Thursday, February 4, 2010

Take Take a Tuk Tuk

We had a great opportunity to adapt to some unforeseen circumstances today. The vehicle that we are temporarily using is just slightly unreliable. So today when we went to leave to pick up the kids from school, it wouldn't start. My natural response when this happens is to turn the key again, this time with more force because if the car knows you mean business then maybe it will start. Well I tried that to no avail. My next step is to open the hood and start jiggling wires around and maybe pull on a few hoses because I am sure that will fix the problem. Well, I am sure you will all be surprised to know that it still didn't start after all of that work I did on it.
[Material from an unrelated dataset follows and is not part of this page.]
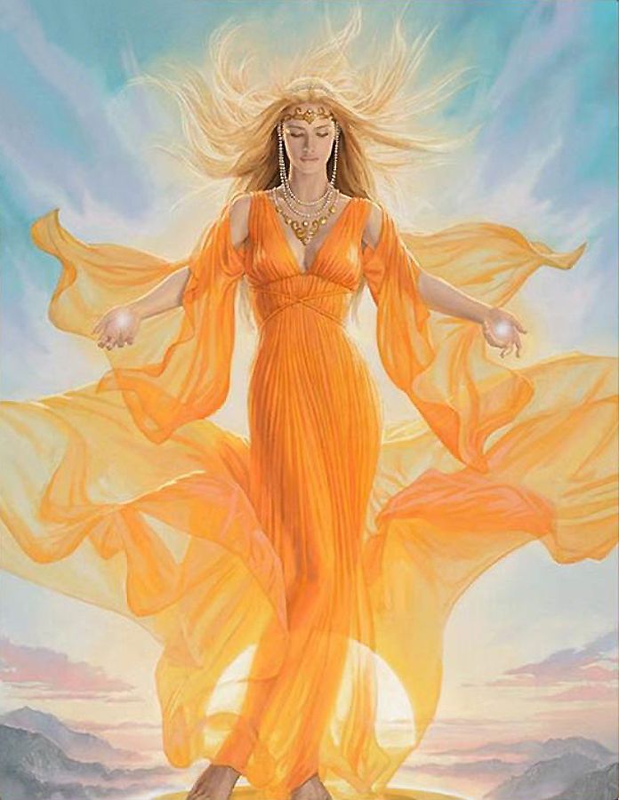 There is some etymological research to suggest her name means ‘Golden Wheel’, in contrast to the Silver Wheel of Arianrhod, which may make her a sun goddess, due to the fact that the word ‘olwyn’ is believed to have meant Wheel, though I’m unsure where the ‘golden’ part come from. As a spring/summer goddess, she certainly is aligned with solar energies. Arianrhod doesn’t have as clear of a connection to the moon as people may think (though she certainly does with the stars), but as I’ve said in the past, modern interpretations of the domains of these deities aren’t invalid just because we can’t find indisputable proof for them. The silver wheel in Arianrhod’s name, if indeed ‘Rhod’ does mean wheel, I suppose could be due to her association with the Corona Borealis. That being said, I see no reason why modern pagans shouldn’t be able to associate Arianrhod with the moon. Moving back to Olwen, I get annoyed by the New Age and Wiccan idea that all goddesses are lunar and all gods are solar, when the Celtic pantheons and other European pantheons have no shortage of solar goddesses and in the Nordic tradition, the sun is female and the moon is male. One theory as to why there are more sun goddesses and moon gods the more north you get is that in warmer climates, the daytime sun is viewed as a harsh and aggressive force, associated with masculine energy, whereas the night is cool and gentle, associated with feminine energy. Whereas in more Northern climates, the nights are bitter and hard, whereas the warmth of the sun is benevolent and loving. I’ve always been drawn to solar goddesses, and Olwen is no exception.

So finally, after burning about 10 minutes, I acquiesced to Carolyn's original request which was to call our favorite tuk tuk driver to go get the kids from school. So 2 weeks after getting here, thousands of miles from our old home and everything familiar, we called Vibol to pick up our kids. Carolyn's mother instincts were out and she was a little anxious but when they showed up at home, even sooner than we thought, all of our fears were calmed. God showed himself faithful to us again.

Tuesday, February 2, 2010

Cameron and a makeshift beday



It could very well be that Cameron is having the most culture shock out of all of us. Don't get me wrong, he really is adjusting wonderfully. Whenever asked, he enjoys it here, largely due in part to his new 4-legged friend that was awaiting our arrival. That being said, since he is the youngest and the only one of us who hadn't visited here before, he was the least prepared. Here are a few examples of things that are rocking his world a bit. First, being a fair skinned, fair haired boy, people feel the liberty to let their hands glide through his hair as he walks by or tickle him under the chin, all without warning. Another thing that is unusual for him is the way we cross streets here. Crosswalks? Nope. If you want to cross a busy street, just start slowly walking. Cars and motos move around you in front and once you get out far enough they start going behind you until you are across. This can be a little unnerving at first as an adult but picture all of these cars and motos coming at you at 3 1/2 feet tall. He does very well with it, though. Now the piece de resistance happened today for Cameron. (Disclaimer: The following may be a little graphic for some :). We were at a store today and Cameron had to go to the bathroom and he had to...um, we'll just say he had to "sit". So once he had already started I was frantically scanning the bathroom for toilet paper. Once I realized there was nothing resembling a roll of soft fluffy paper, I quickly re-scanned the room for anything that would double as toilet paper (ie. paper towel, tissue, pamphlet, brochure, leaf...etc.). There was nothing. That is when I spotted the "kitchen sink sprayer" hanging on the wall next to the toilet. I tried to break it to him slowly that there was no paper and that we would have to use the sprayer hanging next to him. Talk about culture shock, let alone other types of shock. Nonetheless, he handled it fine and we both kinda laughed about it on our way out.
So there you go. A glimpse into adjusting to a 3rd world culture through the eyes of a 5 year old. I can't wait to see him in a year or 2. He will probably be fluent and able to get around better than any of us.
By the way, I am including a pic of Cameron with our dog Hanah instead of a pic of him in any of the other above situations. Blessings.